Today, we are concerned with mapping short reads to long genomes. the lecture will be, as usual, online and the slides are here: wyk12-ngs
Today’s assignments are mostly related to fast text indexes:
1. Write a function compute_BWT(txt), that returns the Burrows-Wheeler Transform of the given text (as a string) and the arrays C(x) and OCC(i,x) as dictionaries.
2. Apply the function to the following DNA sequence:
3. Using the method described during the lecture, compute the LTF mapping, and write a method for identifying short strings. Find the occurrences of the string AAAC in the text above using your function.
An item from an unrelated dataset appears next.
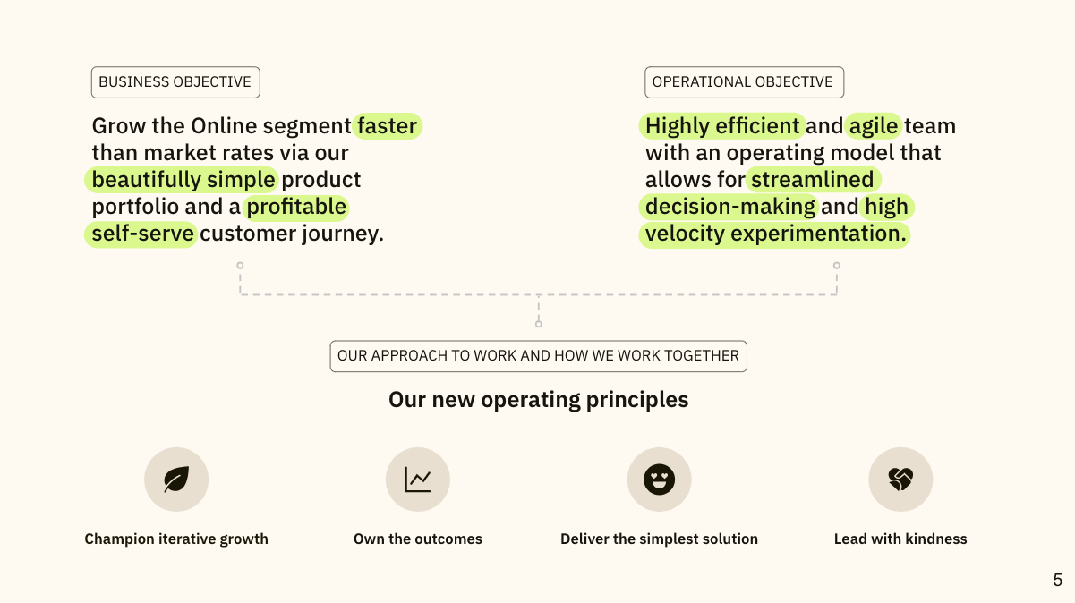 - We then assigned PMs and Designers to each area, ensuring that the product priorities were aligned with company OKRs. Engineering was more complex to align due to specific technology ownership, but we found a workable structure.

4. Write another function (that does splitting the query into two and matching at least one half with no errors) to find occurrences of AAAACTCCGCTGGCATTCACAAAT in the text with at most one error
Homework (sixth out of 5 Write a code that uses simplified BWT matching, based on today’s assignments, to create a BWT of the E. coli genome (Escherichia_coli_str_k_12_substr_mg1655.ASM584v2.dna.chromosome.Chromosome.fa) and find positions of occurrences of sequences from this file ( ecoli_proms.fa ) in it. Please send the code and the resulting positions to me by e-mail before the next lecture. Note – we should absolutely avoid any methods that use quadratic memory size (like generating all suffixes of the genome in memory).